Brief:
Return only the lines of the listing below that run from the line with "- Укрепляет иммунитет: благодаря" through the line with "The image depicts", both ends included, exactly as written.

Recorded information:

>>>

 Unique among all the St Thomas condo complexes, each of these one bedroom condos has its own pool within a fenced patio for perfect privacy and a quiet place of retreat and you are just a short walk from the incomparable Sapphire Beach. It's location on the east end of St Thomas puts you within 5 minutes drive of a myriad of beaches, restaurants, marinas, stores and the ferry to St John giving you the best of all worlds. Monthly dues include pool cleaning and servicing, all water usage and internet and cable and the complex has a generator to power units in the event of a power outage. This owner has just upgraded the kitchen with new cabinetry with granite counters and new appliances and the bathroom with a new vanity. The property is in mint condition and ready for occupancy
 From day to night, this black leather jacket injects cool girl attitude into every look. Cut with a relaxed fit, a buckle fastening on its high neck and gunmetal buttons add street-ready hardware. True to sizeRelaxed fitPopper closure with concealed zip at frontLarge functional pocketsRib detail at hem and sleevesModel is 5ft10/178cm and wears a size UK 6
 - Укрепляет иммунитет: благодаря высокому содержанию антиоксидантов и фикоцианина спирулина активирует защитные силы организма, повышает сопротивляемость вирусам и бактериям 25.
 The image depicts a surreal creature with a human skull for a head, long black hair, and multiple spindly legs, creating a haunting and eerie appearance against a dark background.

<<<
>>>

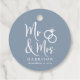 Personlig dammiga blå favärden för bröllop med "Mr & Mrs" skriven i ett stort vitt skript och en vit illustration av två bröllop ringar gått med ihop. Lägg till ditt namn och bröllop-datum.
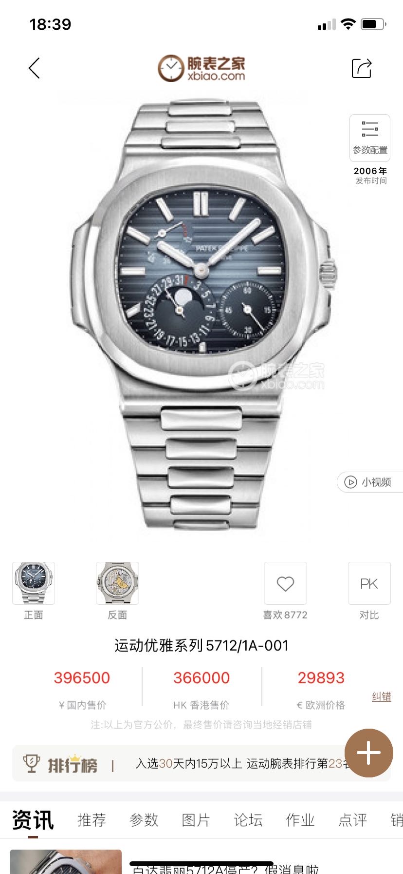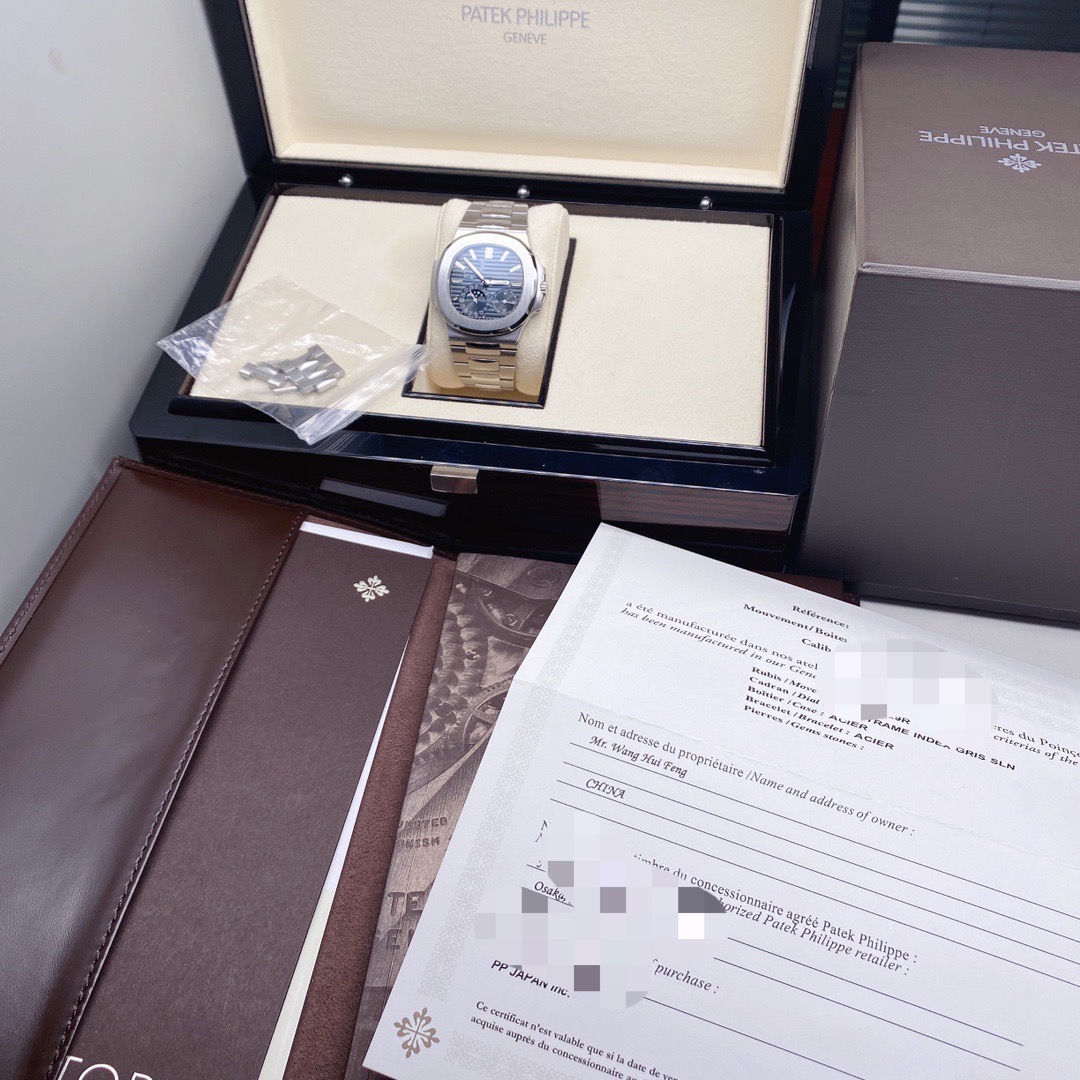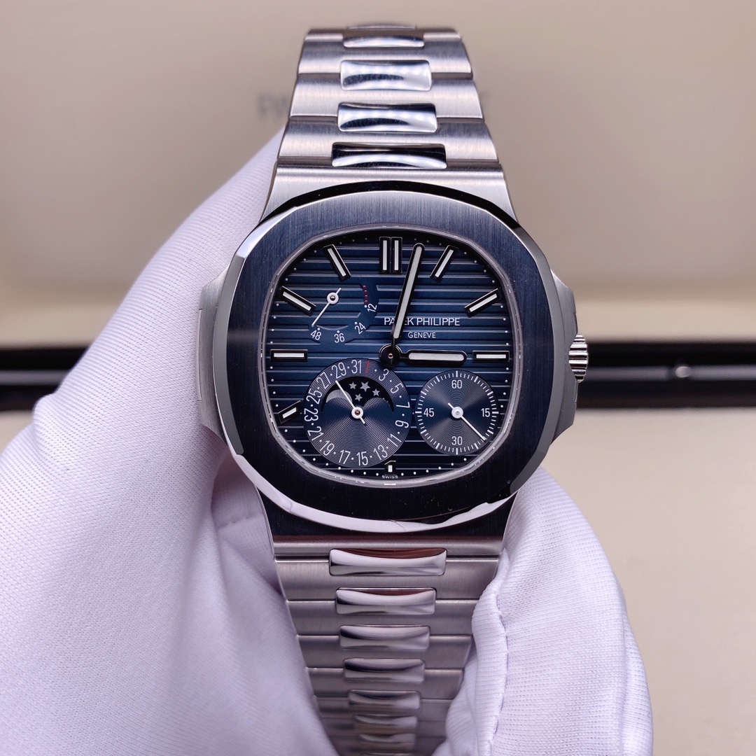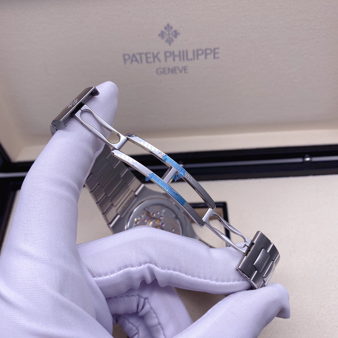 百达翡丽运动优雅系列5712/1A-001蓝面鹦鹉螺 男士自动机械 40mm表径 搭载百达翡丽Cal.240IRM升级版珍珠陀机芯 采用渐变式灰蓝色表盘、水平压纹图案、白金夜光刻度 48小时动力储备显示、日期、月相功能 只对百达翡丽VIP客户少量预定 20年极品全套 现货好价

<<<

Response to this exercise:
 - Укрепляет иммунитет: благодаря высокому содержанию антиоксидантов и фикоцианина спирулина активирует защитные силы организма, повышает сопротивляемость вирусам и бактериям 25.
 The image depicts a surreal creature with a human skull for a head, long black hair, and multiple spindly legs, creating a haunting and eerie appearance against a dark background.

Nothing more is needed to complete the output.